Oleh karena itu, Primanda, dalam tulisan yang dikemukakan sebelumnya, tidak memiliki dasar apapun selain prasangka Darwinis dalam menyanggah pendapat kami yang menyatakan bahwa Austalopithecus adalah genus kera tersendiri yang tidak ada hubungannya dengan manusia, yang pada akhirnya menjadi punah.

PERBINCANGAN MENGENAI BENTUK SEMAK DAN KONTRADIKSI PRIMANDA

Primanda mendasarkan pandangan-pandangannya pada bukti-bukti rekaan, dan ia mengemukakan sanggahan rancu terhadap kami. Salah satu sanggahannya adalah bahwa pendapat Bernard Wood tentang evolusi manusia terlihat lebih menyerupai bentuk semak ketimbang sebuah tangga. Primanda menulis:

Harun Yahya tidak mampu menjelaskan dua hal:

1. Sebagaimana diperlihatkan sebelumnya, Sahelanthropus tidak memperlihatkan ciri-ciri lebih menyerupai manusia dibandingkan Australopithecines;

2. ‘Skema evolusionis’, ‘tangga dari kera ke manusia’ adalah argumentasi yang dibuat-buat.

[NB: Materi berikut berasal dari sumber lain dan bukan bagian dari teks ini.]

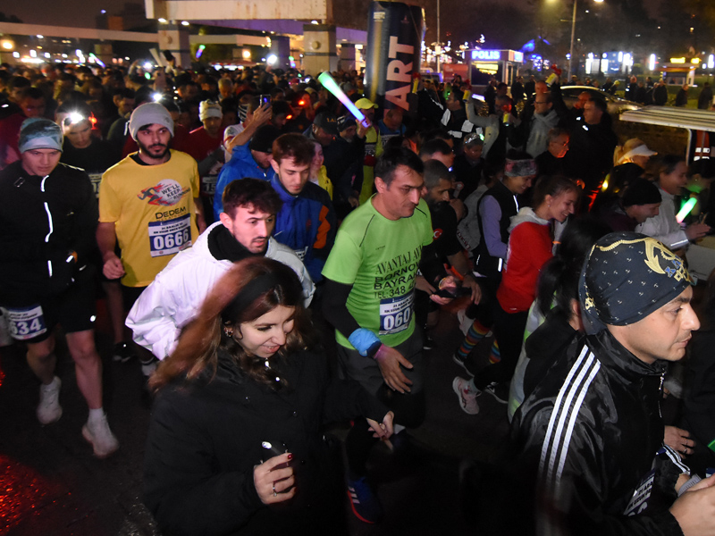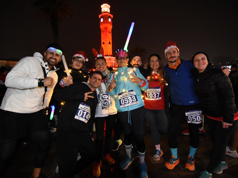 İZMİR Büyükşehir Belediyesi Gençlik ve Spor Kulübü’nün yılın en uzun gecesinde düzenlediği “En Uzun Koşu” İzmirliler tarafından tekrardan ilgiyle karşılandı. Konak Saat Kulesi önüne gelerek ısınan binlerce İzmirli, 21 Aralık saat 21.12’de işaret fişeğiyle beraber koşuya Konak Vapur İskelesi’nden başladı. Koşunun startını İzmir Büyükşehir Belediyesi Gençlik ve Spor Hizmetleri Dairesi Başkanı Hakan Orhunbilge, İzmir Büyükşehir Belediyesi Gençlik ve Spor Kulübü Yönetim Kurulu Üyesi Ersan Odaman ve İzmir Büyükşehir Belediyesi Gençlik ve Spor Hizmetleri Dairesi Başkanlığı Spor ve Şube Müdürü Bahadır Eroğlu yaptı.

Pandangan ilmiah yang paling banyak diterima kini beralih ke suatu pandangan yang lain. Harun Yahya mengutip Bernard Wood yang mengatakan bahwa ‘...sejarah evolusi manusia berbentuk tangga di tahun 1960-an...tapi sekarang terlihat menerupai bentuk semak. Pada kenyataannya, perubahan pandangan tentang evolusi ini disebabkan karena catatan fosil manusia yang terus-menerus bertambah banyak, dengan sejumlah penemuan baru dan tak terduga yang terjadi setiap beberapa tahun.

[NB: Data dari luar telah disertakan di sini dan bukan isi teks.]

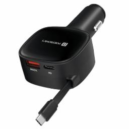 Portronics Car Power Retracto 84W 3 in 1 Car Charger, 80 cm Retractable Cable (33W Type-C PD), Dual Port (18W USB Type-A & 33W Type-C) for Laptop, Android, iPhone, Earbuds and More (Black)

Lalu kenapa? Di tengah-tengah sanggahannya terhadap kami, Primanda mengulang persis fakta-fakta yang telah kami sebutkan. Benar, sejarah evolusi tidak lagi terlihat menyerupai sebuah “pohon” akan tetapi lebih mirip “semak,” dan ini dikarenakan bukti-bukti yang berhasil digali tidak pas dengan silsilah kehidupan Darwinis yang telah berusia 150 tahun maupun pengurutan evolusi manapun. Primanda dan pihak lain masih saja berusaha mengotak-atik “hipotesis evolusi” dari semak ini, tapi pada akhirnya kita mendapatkan kebenaran yang nyata ini: Fosil-fosil tersebut tidak mendukung Darwinisme. Kalangan evolusionis berkeyakinan bahwa semakin banyak fosil yang mereka temukan, maka ini akan semakin memperkuat teori evolusi, namun nyatanya yang terjadi malah sebaliknya. Niles Eldredge dari Harvard University, salah seorang paleontolog terkemuka asal Amerika Serikat, dan Ian Tattersall dari American Museum of Natural History pernah menulis:

Adalah mitos bahwa sejarah evolusi makhluk hidup pada dasarnya adalah masalah tentang penemuan (fosil). Jika ini benar, seseorang akan dengan yakin memperkirakan bahwa dengan semakin banyaknya fosil hominid yang ditemukan, maka sejarah evolusi manusia akan semakin jelas. Tetapi, andaipun ada, yang terjadi malah sebaliknya. 5

Satu hal penting di sini perlu mendapat perhatian khusus: penggantian bentuk “pohon” dengan bentuk “semak” bukanlah didasarkan pada bukti, akan tetapi lebih dikarenakan ketiadaan bukti. Ya begitulah, banyak fosil yang telah ditemukan, akan tetapi ini adalah bukti yang malah membantah teori evolusi. Satu-satunya jalan keluar dari permasalahan ini bagi para evolusionis adalah dengan memunculkan model “semak” untuk mengganti model “pohon” agar dapat menampilkan ketidakteraturan ini. Model semak ini tidak lain hanyalah alasan yang sengaja dimunculkan untuk mengalihkan perhatian dari kumpulan bukti fosil yang justru menyanggah Darwinisme.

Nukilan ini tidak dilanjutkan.